The first line in the initializer calls Employee.superclass.initializer, the Person class constructor. Dojo handles all of the requirements for setting up the inheritance chain.Methods or variables can be overridden by setting the name to the same as it is in the parent class. The Employee class can override the Person class moveToNewCity(), perhaps by letting the company pay for moving expenses.

You initialize the sub class the same as the Person class with the new keyword.

var kathryn=new Employee(' Kathryn ', 26, 'Minnesota', 'Designer');

The Employee class passes the first three arguments down to the Person class, and sets the position.Kathryn has access to the login() function found in the Employee class, and also the moveToNewCity() function by calling kathryn.moveToNewCity(‘Texas’); Matt on the other hand, does not have access to the Employee login() function.

matt.login() // ERROR can’t log in because he is not an Employee

Array/Object Declarations

If your class contains arrays or other complex objects, they should be declared in the initializer, due to some subtleties of object inheritance in javascript. Note that simple types (strings, numbers) are fine to declare in the class directly.

dojo.declare("my.classes.bar", my.classes.foo, {
	// coupledObjects: [1, 2, 3, 4]	- doesn't do what I want; 
	//                                      ends up being like a static!!
	numItem : 5,        // one per bar
	strItem : "string", // one per bar

	 initializer: function() {
		this.coupledObjects = [ ]; // each bar should have it's own array
		this.expensiveResource = new expensiveResource(); // one per bar
	}
});

Statics

On the other hand, if you want an object or array to be static (shared between all instances of my.classes.bar), then you should do something like this:

dojo.declare("my.classes.bar", my.classes.foo, {
	initializer: function() {
		dojo.debug("this is bar object # " + this.statics.counter++);
	},

	statics: { counter: 0, somethingElse: "hello" }
});

Mixins

The example below inherits from my.classes.foo and then mixes in "my.mixin". This is similar to multiple inheritance but there are some subtle differences, namely that this.inherited can only reference my.classes.foo, not my.mixin.

dojo.declare("my.classes.bar", [my.classes.foo, my.mixin], {
	initializer: function() {
		my.mixin.call(this /*, args*/); // invoke some mixin constructor
		// (note: my.mixin.prototype is ignored)
	},

	valueForPrototype: 3,

	methodForPrototype: function() {
	}

});

Design Notes

Constructor vs Initializer

In non-trivial cases, constructor definitions contain code.

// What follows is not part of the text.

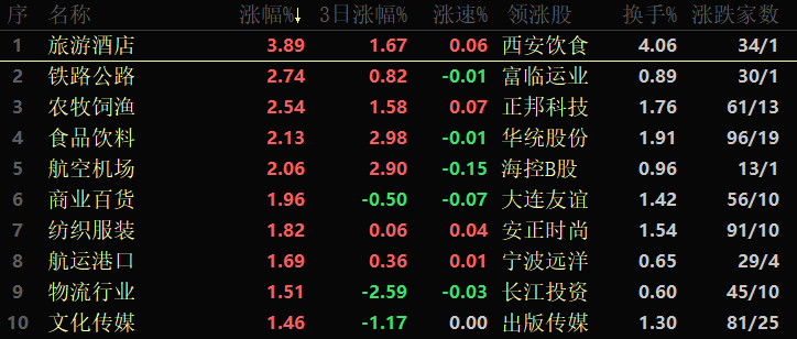 東方財富行業(yè)方面,截至12月13日11:30,86類行業(yè)中39類上漲,占比45.35%,其中,旅游酒店行業(yè)漲幅居首,達(dá)3.89%,鐵路公路和農(nóng)牧飼漁等行業(yè)緊隨其后。醫(yī)療器械行業(yè)跌幅居首,達(dá)2.58%。

The constructor code performs initialization tasks and defines instance-only properties (properties whose values belong to a particular object, as opposed to prototype-properties which are shared by all objects using the prototype).

However, there is an issue with respect to constructor code in any simple JavaScript inheritence system. The constructor function of an object must be executed to create a prototype object for an inheritor. Therefore the constructor function must serve as both prototype-initializer and instance-initializer. The double duty of inherited constructors can be non-obvious and lead to subtle bugs.

Given the constructor above, when a bar object is created to use as a prototype, the mixin properties and properties created in the constructor become members of the inherited object's prototype. Almost always these properties are not intended to be part of a prototype.

As a practical matter, the extra prototypical properties are usually ignored as matching instance properties are created at object-instantiation time. However, for example, having an extra expensiveResource can be costly. And errors can result if the environment is not ready to create an expensiveResource at inherits-time. Errors caused by these conditions can be hard to track down, especially if the developer is not aware of how constructors are used when inheriting prototypes.

Separating instance-initializer tasks from prototype-initializer tasks eliminates these concerns. Therefore dojo.declare creates a standard, controlled constructor and separates instance-initialization tasks into a separate, optional initializer method.

Note: dojo.declare cannot inherit from an object that has a non-trivial constructor because dojo.declare does not allow constructors to also perform instance initialization.However, you can inherit from a dojo.declare created constructor without restriction

Calling Inherited (Ancestor) Methods

Sometimes one wants to invoke a method on an object from an ancestor prototype. JavaScript allows any function to call any other function in any context via the call and apply built-ins. So there are techniques like:

my.classes.bar.prototype.someMethod == function() {
	// invoke any function in our context
	anyFunction.call(this);
	 // invoke inherited version of this method in our context
	my.classes.foo.someMethod.apply(this, arguments);
}

(Note: in these examples, the == indicates an assertion that the named property is equivalent to the function shown. Actual assignment is done via dojo.lang.extend or dojo.declare.)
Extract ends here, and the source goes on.